Data to process section start
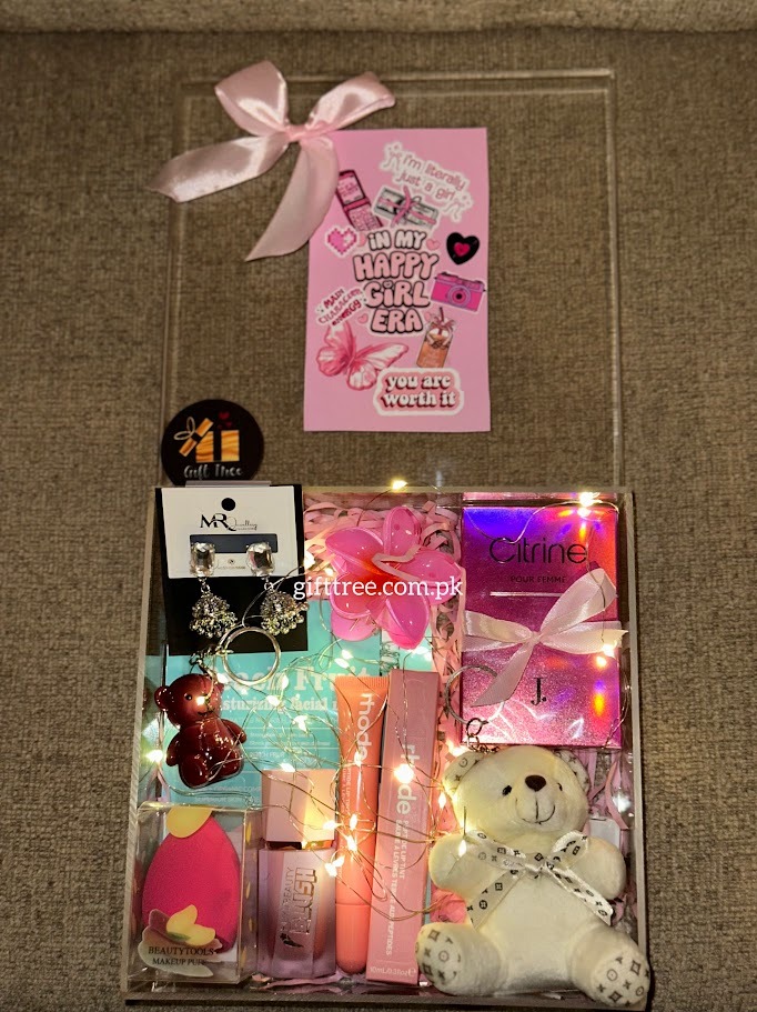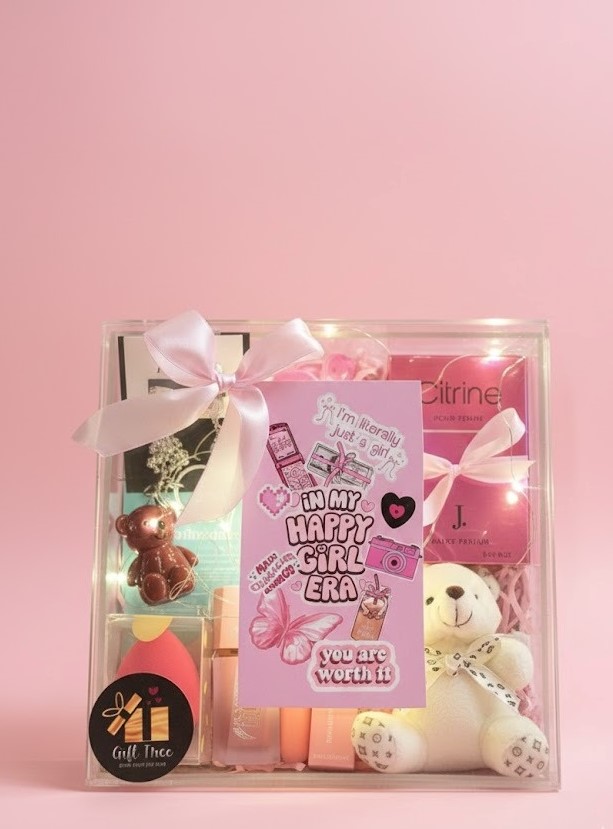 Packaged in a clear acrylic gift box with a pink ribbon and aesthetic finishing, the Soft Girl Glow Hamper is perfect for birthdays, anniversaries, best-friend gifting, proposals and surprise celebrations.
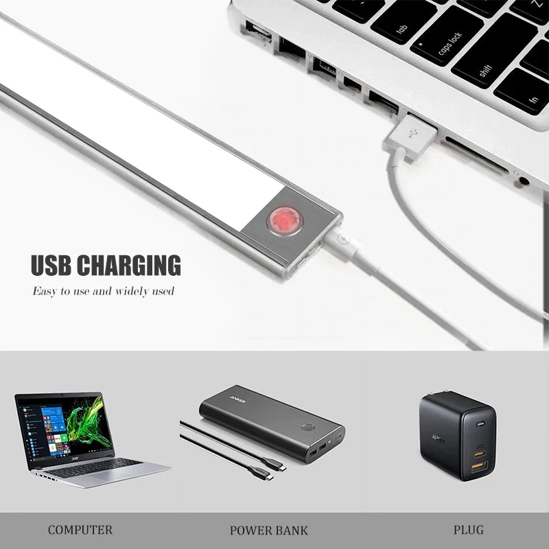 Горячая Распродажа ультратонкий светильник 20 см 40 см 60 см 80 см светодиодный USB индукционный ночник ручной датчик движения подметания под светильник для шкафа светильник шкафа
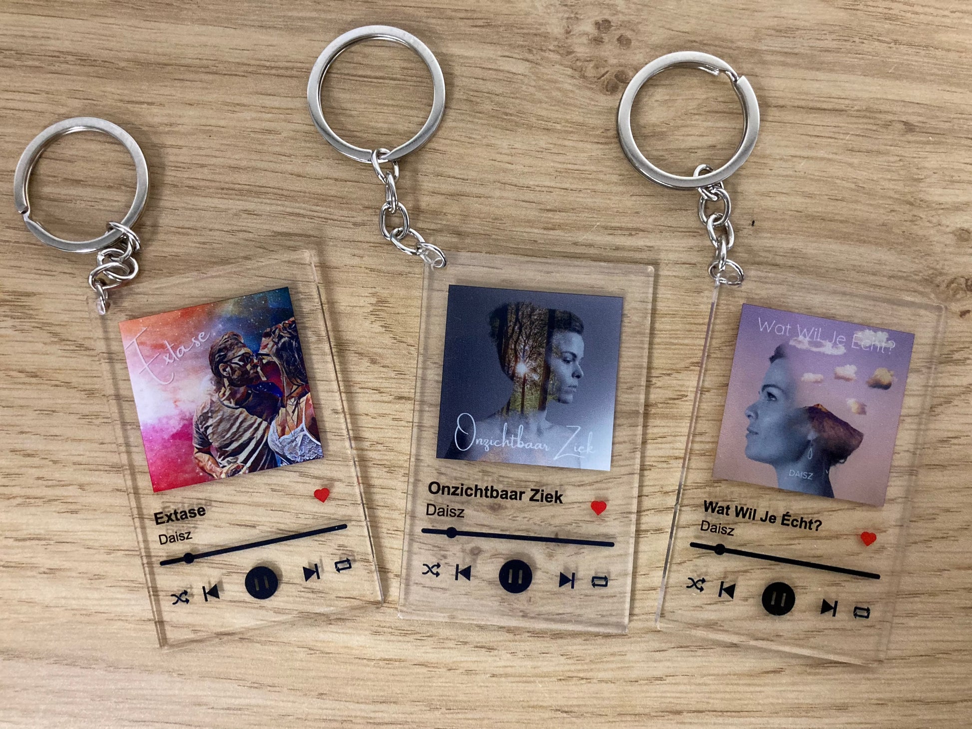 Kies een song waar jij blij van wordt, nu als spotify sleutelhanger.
Data to process section end
Data to process section start
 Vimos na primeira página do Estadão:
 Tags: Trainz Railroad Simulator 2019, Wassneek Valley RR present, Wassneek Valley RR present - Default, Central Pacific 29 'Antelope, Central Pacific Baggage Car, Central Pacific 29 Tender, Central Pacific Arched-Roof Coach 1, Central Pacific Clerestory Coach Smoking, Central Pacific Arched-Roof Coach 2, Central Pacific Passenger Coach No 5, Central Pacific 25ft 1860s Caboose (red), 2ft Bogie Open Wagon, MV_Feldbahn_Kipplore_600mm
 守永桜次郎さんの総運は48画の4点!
Data to process section end
> _What needs to be done_
What you need to produce is an exact copy of the entries above, limited to the lines from the one with "Packaged in a" up to and including the one with "Kies een song", without pictures.

> _Answer for the task_
 Packaged in a clear acrylic gift box with a pink ribbon and aesthetic finishing, the Soft Girl Glow Hamper is perfect for birthdays, anniversaries, best-friend gifting, proposals and surprise celebrations.
 Горячая Распродажа ультратонкий светильник 20 см 40 см 60 см 80 см светодиодный USB индукционный ночник ручной датчик движения подметания под светильник для шкафа светильник шкафа
 Kies een song waar jij blij van wordt, nu als spotify sleutelhanger.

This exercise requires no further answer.